═══ TASK MATERIAL
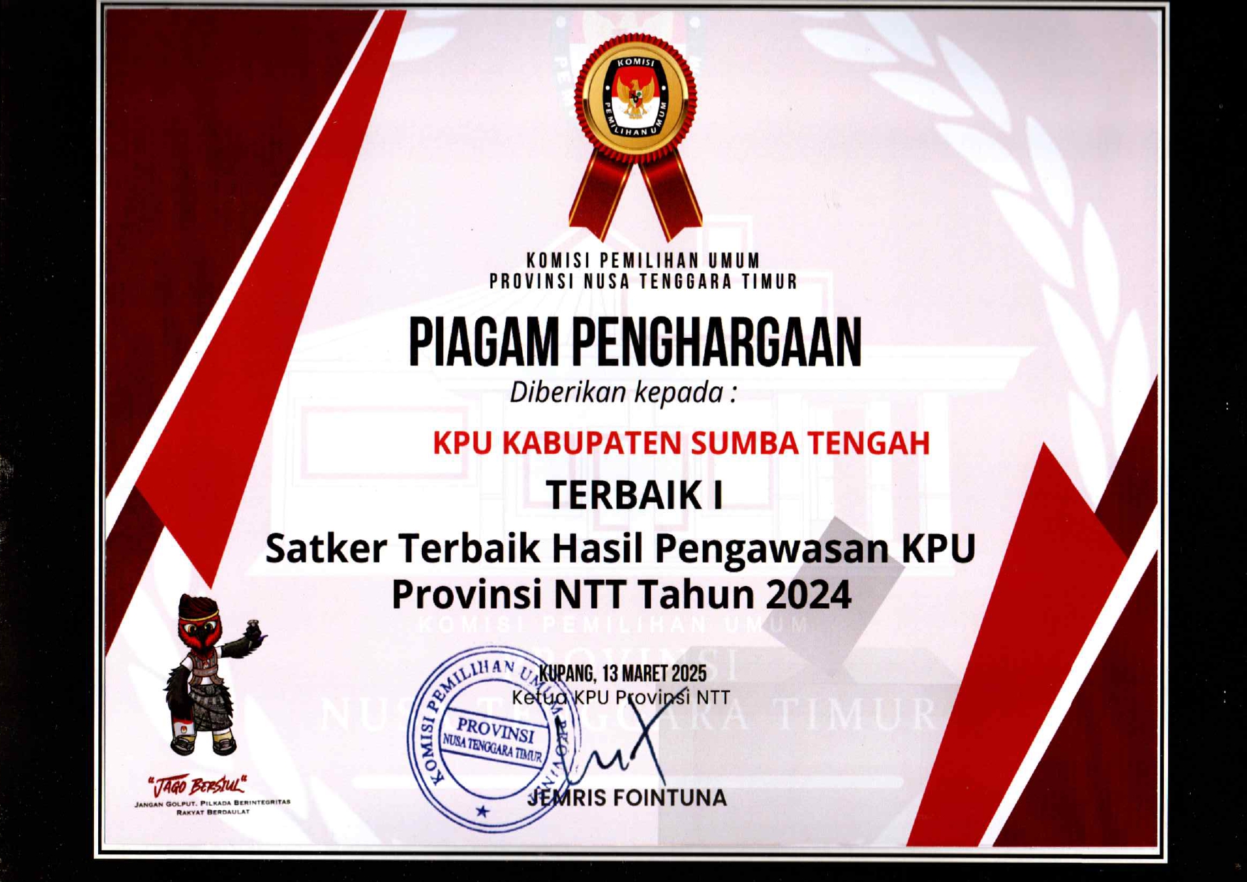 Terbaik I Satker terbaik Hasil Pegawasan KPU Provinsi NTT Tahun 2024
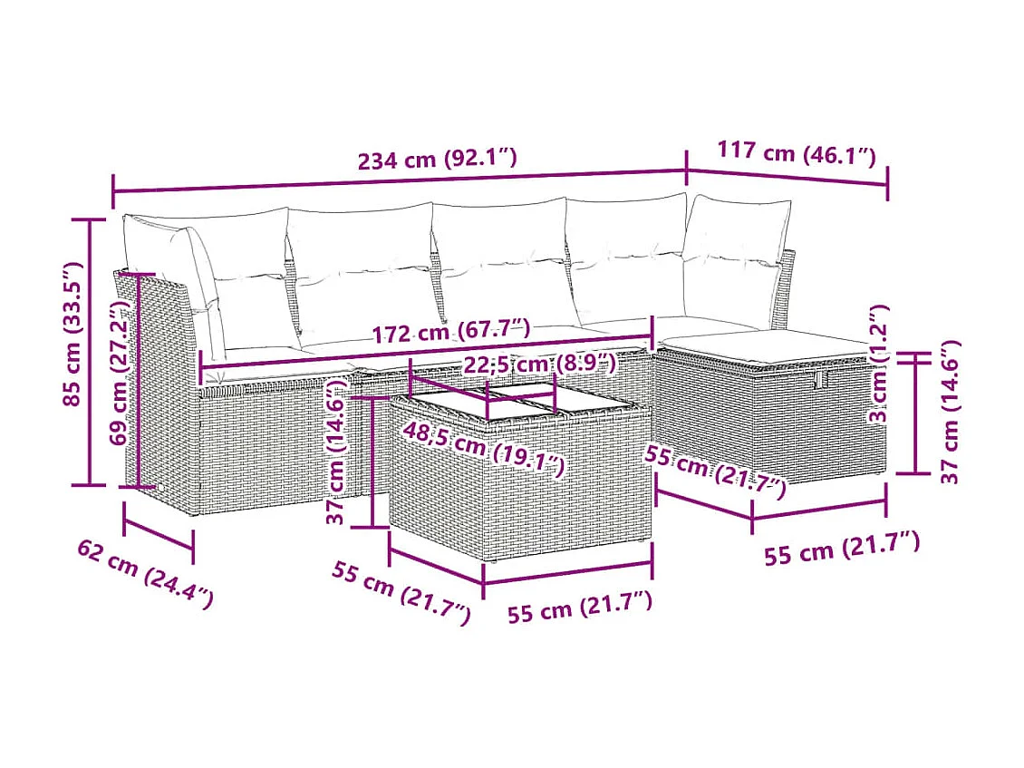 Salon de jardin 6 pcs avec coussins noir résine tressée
══════
═══ TASK MATERIAL
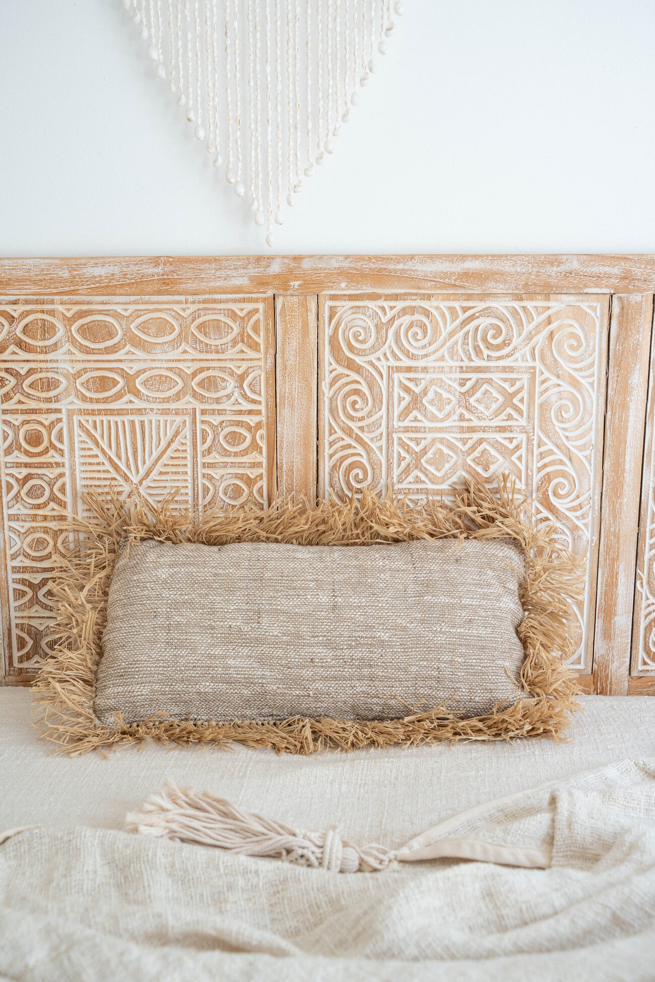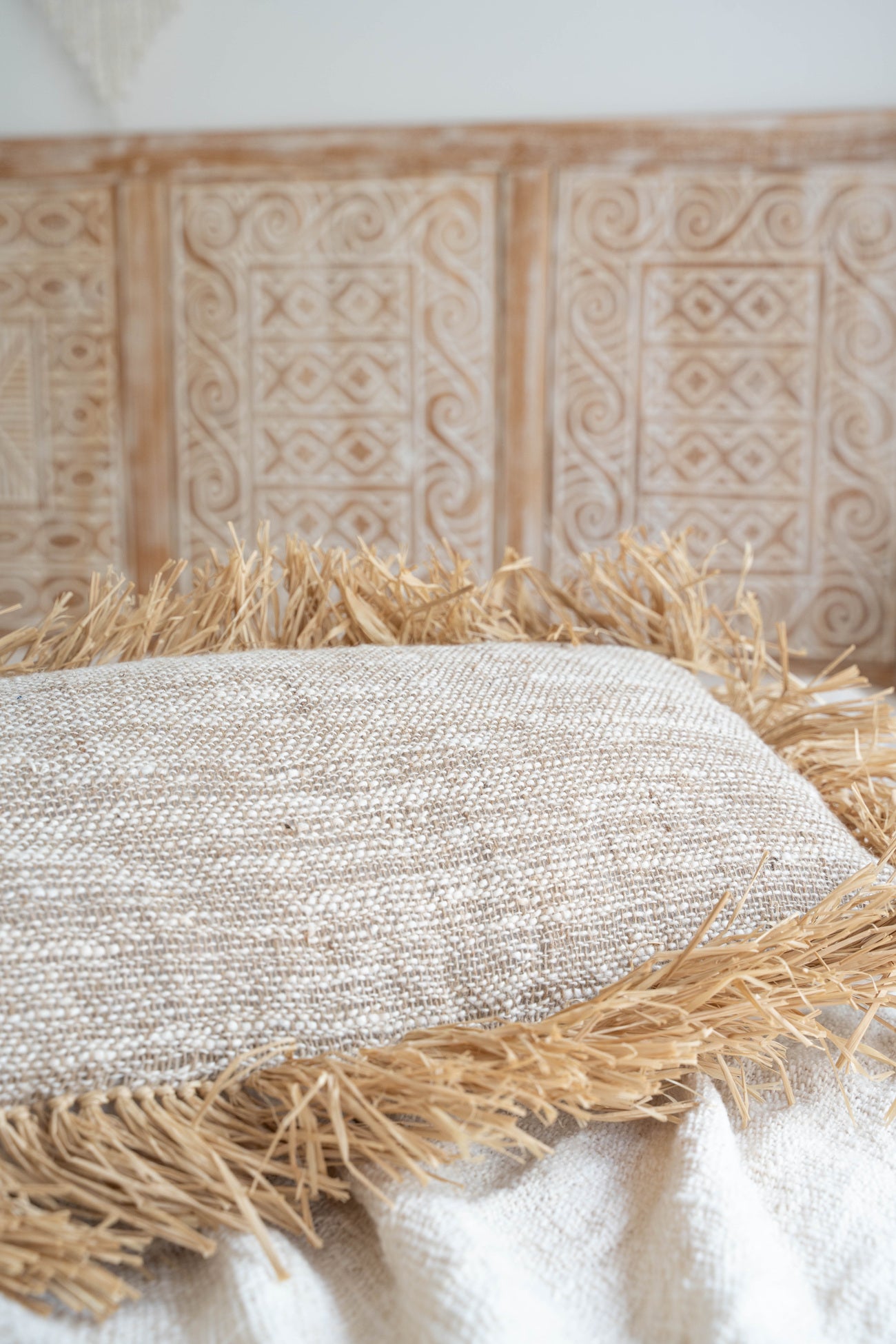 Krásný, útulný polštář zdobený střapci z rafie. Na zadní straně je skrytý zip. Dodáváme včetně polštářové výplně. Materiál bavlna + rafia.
══════
# AIM OF THE EXERCISE
Exactly as written above, retype the lines starting at the one holding "Terbaik I Satker" and ending at the one holding "Salon de jardin", both included, but not the pictures.

# ANSWER TO THE EXERCISE
 Terbaik I Satker terbaik Hasil Pegawasan KPU Provinsi NTT Tahun 2024
 Salon de jardin 6 pcs avec coussins noir résine tressée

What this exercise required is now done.